Appunto: cosa pensa della querelle su San Siro?

«La politica deve avere il coraggio di decidere e di farlo in tempi utili. Milan e Inter sono asset della città, attraggono persone e investimenti, e per competere hanno bisogno di strutture adeguate. Non ci si può perdere attorno al vincolo architettonico che equipara un impianto sportivo a un monumento, guardiamo piuttosto al progetto di riqualificazione della zona, questo significa interpretare il futuro. Era stato così anche per Porta Nuova, tante paure e invece siamo di fronte a un esempio vincente».

Torniamo alla mobilità: il problema è la M5 a Monza?

«Il problema è una visione a lungo termine. Piste ciclabili, Zone 30, corso Buenos Aires e corso Venezia rivoluzionati, e anche Area B sono interventi dal respiro corto. L'impatto ambientale si affronta con una metropolitana e un piano parcheggi adeguato alle necessità, visto che è proprio il Comune a spiegare che la città a 30 all'ora, per funzionare, ha bisogno che le strade siano liberate dalle auto.
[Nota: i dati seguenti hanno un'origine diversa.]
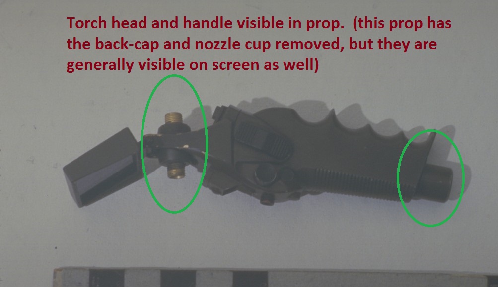 Which reminds me, I do believe they did have the torches hooked up 'live' in the cutting scenes. Notice how you never see the bottom (where the cables would be hanging from the handle) in those scenes. Also I noticed this pic the other day. His nozzle and back cap are backward!
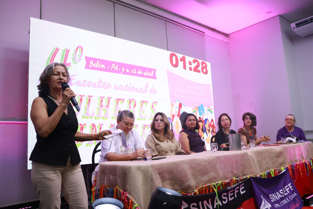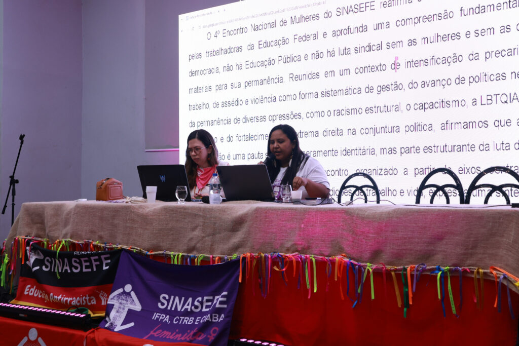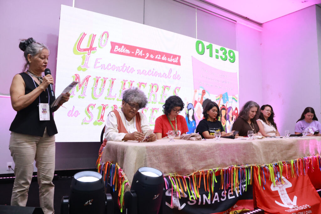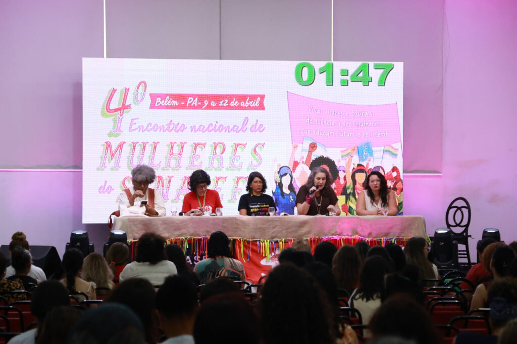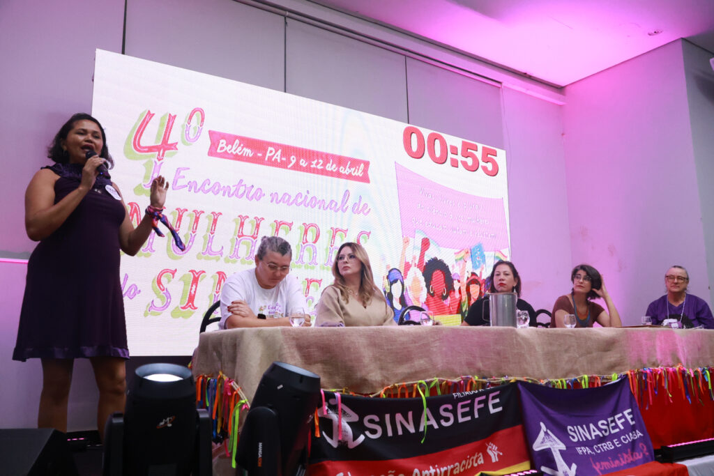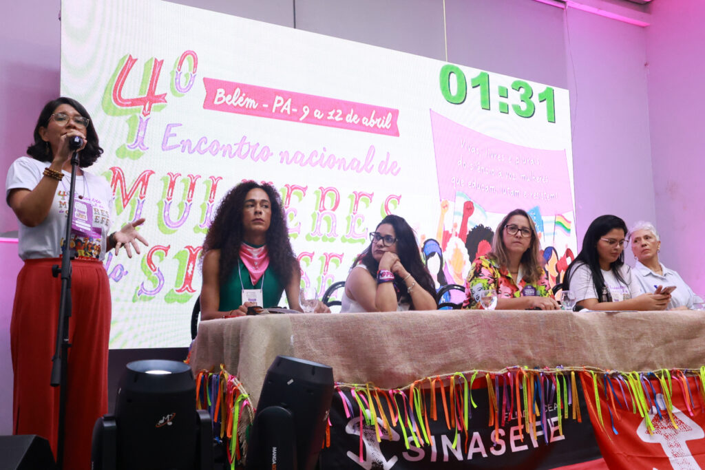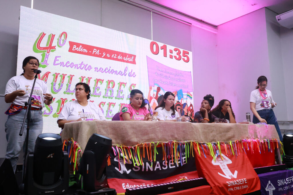 O 4º Encontro Nacional de Mulheres do SINASEFE, realizado entre os dias 9 e 12 de abril, em Belém do Pará, reuniu em torno de 500 mulheres de todas as regiões do país, além de 70 crianças e adolescentes no Sinasefinho, consolidando-se como um espaço de articulação política, formação e construção coletiva. Com o tema “Vivas, livres e plurais, do silêncio à voz: mulheres que educam, lutam e resistem”, as participantes discutiram desigualdades, violência de gênero, saúde mental, condições de trabalho e participação política.

E poi c'è un deficit del servizio taxi che è sotto gli occhi di tutti: risolviamo una volta per tutte la questione delle licenze e diamo a Milano un sistema di auto pubbliche da città europea, con tariffe notturne abbordabili. Detto tutto ciò, comunque, trovo giusta la battaglia del sindaco sui contributi per il trasporto pubblico: è sacrosanto che chi investe di più ne riceva di più».

Però, di fatto, lei sta muovendo molte critiche alle scelte del sindaco.

«La mia è una sollecitazione, uno stimolo ad alzare lo sguardo, a impostare le visioni di lungo termine e a non rimanere intrappolati nei piccoli interessi da comitato, a immaginare una città che nel 2050 sia un ambiente ospitale per chi studia, chi lavora, chi produce, per i turisti...».

Ma i problemi vanno oltre mobilità e infrastrutture.

«Infatti siamo convinti che ci riguardino anche questioni come la sicurezza e la casa. Non possiamo rischiare di perdere tanti giovani che studiano nelle nostre eccellenti università e poi faticano a sostenere i costi dell'abitare».

Quindi, parafrasando l'Avvocato Agnelli, ciò che va bene agli industriali va bene a Milano e viceversa?

«Bisogna fare insieme scelte per il bene della città in cui viviamo e lavoriamo. Il mondo privato è pronto a fare la sua parte come sempre. Tante imprese vorrebbero mettersi in gioco su progetti pubblici, però si scontrano con una burocrazia che frena».